The monthly fair market rent for an efficiency apartment in St. Louis is $547. This presents an extraordinary challenge to most PfP clients who receive $654 in disability benefits each month. This amount must be stretched to cover rent, groceries, utilities, medication, transportation, clothing, etc.
On average, PfP clients receive a total of $654 in disability benefits each month. Finding affordable, safe housing at that level of income is becoming harder and harder.

St. Louis housing stock, which used to be plentiful and fairly affordable is becomingly increasingly out of reach for many people living with disabilities. In the early 90's, changes in mental health policy precluded many mental health providers from developing their own housing, making it difficult to house increasing numbers of individuals seeking assistance.

During the same time, there had been limited interest among developers in providing low cost housing for people with disabilities. In addition, when landlords have many people vying for vacancies, they are less motivated to rent to people with disabilities or people who need to have housing subsidies to afford the rent.

According to the U.S. Census Bureau and U.S. Department of Housing and Urban Development, Fair Market Rent on an efficiency apartment in the city of St. Louis has risen from $323 in 2000 to $547 in 2007, a 41% increase.
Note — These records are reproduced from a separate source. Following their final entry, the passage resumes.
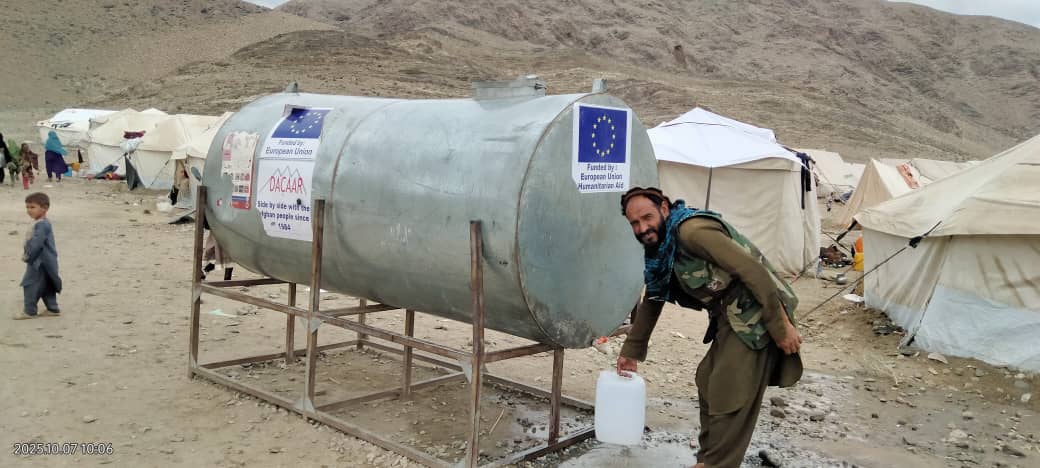 In the onset of the crisis in September 2025, DACAAR became a source of hope for displaced families. With financial support from the European Union (EU), DACAAR has been assisting people in Zirri Baba Camp by providing handwashing stations, placing dustbins, distributing hygiene kits, and conducting hygiene promotion sessions to help people protect themselves from diseases. Emergency Baths and Latrines (EBLs) were also installed to improve sanitation. Most importantly, every single day, trucks delivered 49,500 liters of safe drinking water, enough to meet the needs of 791 families (5,437 individuals).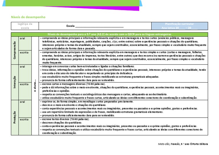 Nveis de desempenho para o 9. ano (A2.2) de acordo com o QECR para as lnguas estrangeiras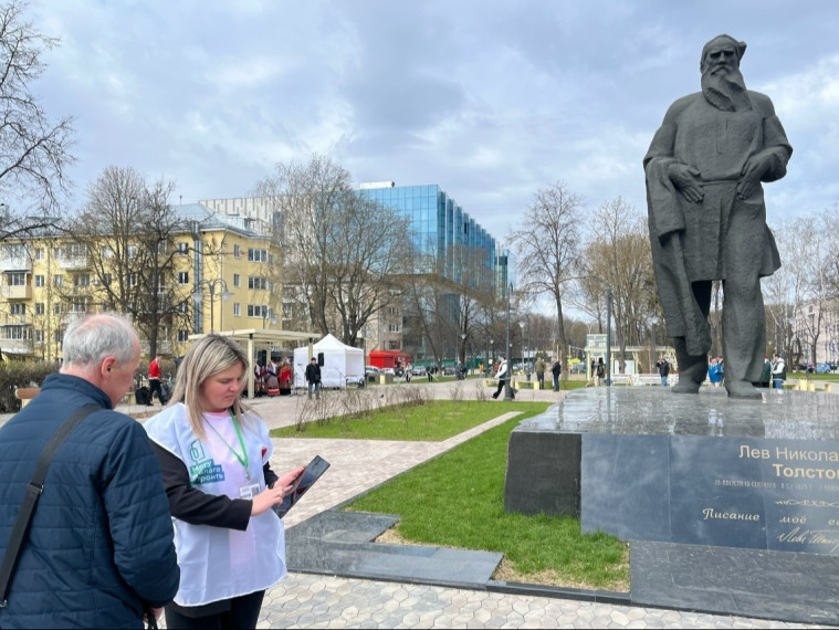 Волонтеры рассказывали тулякам о проекте «Формирование комфортной городской среды» и помогали поучаствовать во Всероссийском голосовании по отбору общественных территорий для благоустройства в областной столице в 2027 году.

PfP's community support workers provide assistance with finding, securing and maintaining affordable housing for clients who are especially vulnerable to losing housing. When many of the Medicaid billing options that once paid for finding and setting up independent apartments were eliminated, PfP continued to provide these services to clients at no charge.

PfP also provides free moving and money-management services. These services, which are underwritten entirely by donations, is critical for people living on an extremely tight budget.